Beach communities in North Carolina and South Carolina emptied Wednesday as Hurricane Florence threatened to unleash pounding surf and potentially deadly flooding by Friday. It is predicted to become the most powerful storm to make a direct hit on the Southeastern states in decades.
Forecasts show the Category 4 storm bringing days of heavy rains and possibly intense inland flooding from South Carolina to Virginia.
Jeff Byard of the Federal Emergency Management Agency said the storm would punch the Carolina coast like a world champion boxer.
“The time to prepare is almost over,” said North Carolina Governor Roy Cooper at a Wednesday news conference. “Disaster is at the doorstep, and it’s coming in.”
More than a million people were ordered to evacuate the coastline of the three states, while schools and factories were ordered closed.

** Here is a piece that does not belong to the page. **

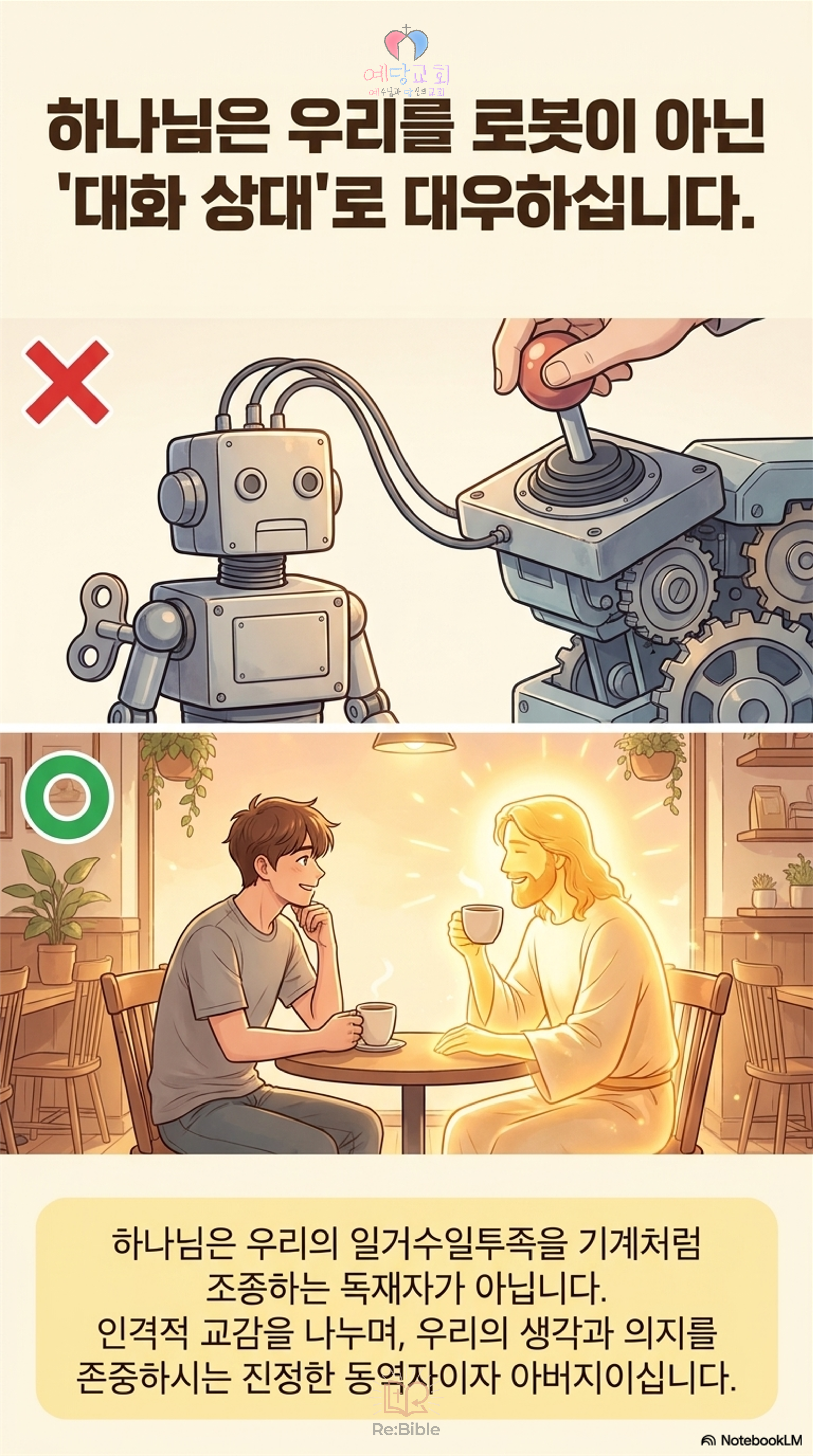 전통적 신앙관은 “인간은 아무것도 할 수 없다”며 전적인 무력을 중요하게 생각했지만, 현대 신학은 우리의 ‘응답’을 굉장히 중요한 신앙의 중심으로 여깁니다. 구원은 하나님이 일방적으로 끌고 가시는 수동적인 것이 아니라, 하나님과 우리가 함께 이루는 동역입니다.

The National Hurricane Center said the first winds of tropical-storm force — at least 39 miles per hour — would hit the region early Thursday.
State and federal officials have urged residents in the target zone to evacuate, but there was hesitation along the coast.
“I’m not approaching Florence from fear or panic,” said Brad Corpening, 35, who planned to ride out the storm in Wilmington, North Carolina. “It’s going to happen. We just need to figure out how to make it through.”
The last hurricane rated a Category 4 to hit North Carolina directly was Hazel in 1954. It killed 19 people.
This week’s emergency preparations include setting up shelters, switching traffic patterns so that all major roads led away from shore and getting 16 nuclear reactors in the region ready for the storm.